Old aluminum ladders work great also. I have also used grates, pieces of machinery ect.  I have people give me all kinds of broken parts of machines. I've done the can thing and ended up throwing most of it away after it was melted.


----------



## Chucketn

Adding my 2¢. Sell your cans and buy any type of previously cast aluminum. Car wheels are the best. Computer hard drives are good. I have tried melting aluminum cans and you loose 75% or more to slag or aluminum contaminated with crap that makes it worthless.
I have melted aluminum in a bean/coffee can, on a charcoal fire, in a galvanized bucket, with a hair dryer blower, but that is not the best/easiest way.
You can break down car wheels by heating them in a fire to the 'short-hot' point where they will crumble with a hit from any kind of hammer.
There are lots of home foundry type site with lots of information on casting aluminum.
That's a hole 'nother hobby!

Chuck


----------



## jocat54

I'll throw my .02 cents in here. I'm pretty new at the casting game and melting aluminum so take all this with a grain of salt. The only thing I have melted so far are aluminum cans. They are a pain in the behind, but if it's all you have at the time you can get some decent casts from them. I usually melt the cans and pour them into muffin pan and use them later (much better the second time around) There will be alot of slag, just skim it off and keep adding cans (crushed work much better).

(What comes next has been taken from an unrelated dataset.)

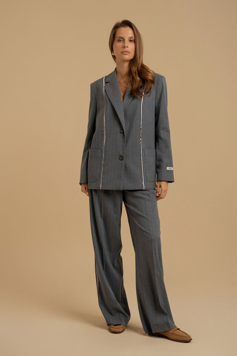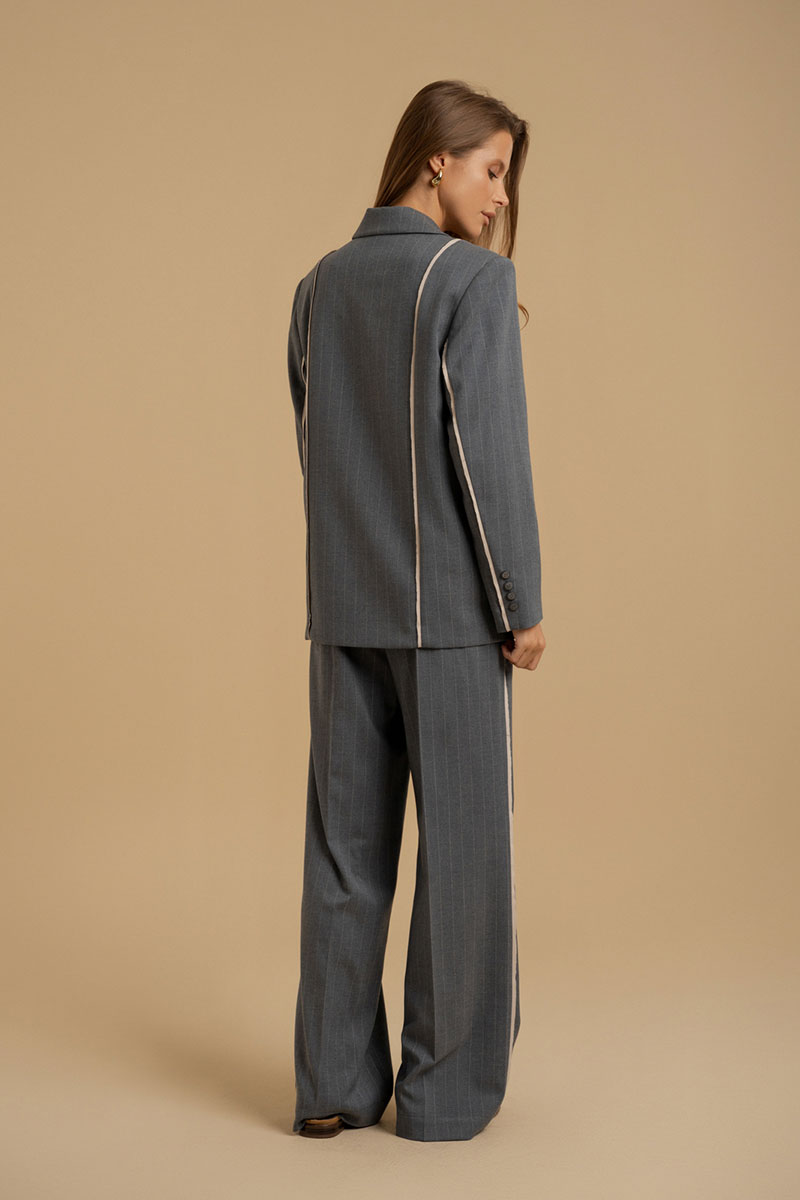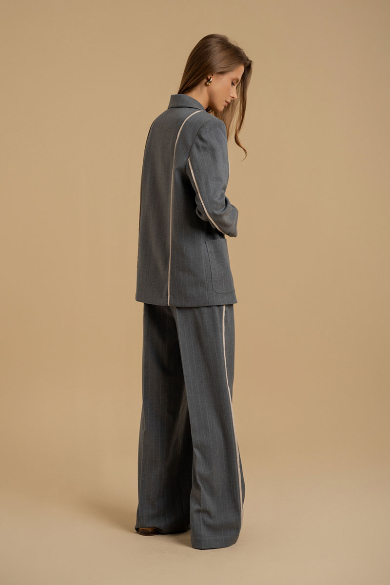 Брюки - прямые со стрелками. Пояс- отрезной с эластичной тесьмой. Имеются карманы с отрезными бочками. В боковых швах - отделочные канты. Есть шлевки для ремня.

The really down side is the cost of propane per melt verses how many cans it takes to get a good pour, but it's a good learning time. It took a whole 5 gal bucket full of crushed cans to get enough to pour a cylinder about 2.5 inches by 6 inches with very little left over. 

I made my ball turner and carriage stop from pop can melts and they work good and look pretty good too:biggrin:

I live out in the sticks so I don't have much to pick from, need to plan my trips to the city better.


----------



## GK1918

All I can add is qouple miles away is a real foundry and what a mountain of transmissions they have. They buy off tranny shops and junkyards check your
local tranny shop, bet they got a pile of housings smash em with a sledge and
lite the fire.


----------



## Kevinb71

I have done a few melts and to me pistons, engine heads and block work best. It only makes sense as well that they would be made of a stronger grade of alumininum due to there intended usage. I have never tried aluminum cans as everything i have ever read says it's not worth the effort. Too much slag for what you get back.


----------



## Video_man

turbinedoctor said:


> Anybody done this. I have heard they are not a good choice for casting due to been too pure, what ever that means. Turbo



Extruded items like cans are nearly pure Aluminum, which is gummy and doesn't pour well.  The metal used for aluminum castings is not just aluminum alone, but one of many alloys, with such things as silicon added to give the base metal the characteristics it needs to cast well.  Cans are also usually coated with lithographs and plastic coatings and basically make a mess of slag when you try to melt them in a small furnace.  The adage to cast metal that has already been cast is a good one, because it will surely be an alloy made for the purpose.


----------



## core-oil

Hi guys,

   I feel excercised to add my two pence worth, I served my apprenticeship in the foundry industry many years ago,  One of the materials we made castings for various industries for was Aluminium,  Some of it was to aircraft specification, However saying that & thinking of my experiences of all those 54 years back, a couple of years before that i was on cast-iron work, before being switched over to brass , bronzes &light alloy work, making components at home as distinct from ones nicely set up in a  more proffessional industrial sphere is a different ball game

    Nowadays i do not know what the modern metal specifications are especially over the pond in the U.S. or Canada, & i guess i am too old to start learning now, but taking some simple rules from my ex industrial days ,   When, i want to make up a component in my backyard facility at home,   The things i turn out, are the occasional jig or fixture to make life easy, backplates, brackets, pulleys etc 

   When i worked in the metal casting game one of the metals we used to get landed with on the rare occasion was on the old British metal specification  LM1 (L.M. meant light metal-- Brilliant aint it!) this was an almost pure metal in fact from memory 99% i believe , It could if you were not careful lead to great voids in the casting ,shrinkages &other problems, So therefore bigger feeding heads were the name of the game 

   A better metal was LM 4  formerly DTD 424  This basically was a metal with a good percentage of silicon in its make up, by and large it was a metal which poured pretty easily with not a great deal of feeder head problems , A higher spec. metal was L.M.6 which was a metal of higher tensile strength etc

   O.K. guys, where does this lead to with you folks? I assume you are only making the occasional little widget in your back yard for your model engine,workshop use etc    Should you be making things for industry , aircraft etc, back off guys, unless you have a lot of metallurgical knowledge & know what you are about, otherwise you are in a real minefied!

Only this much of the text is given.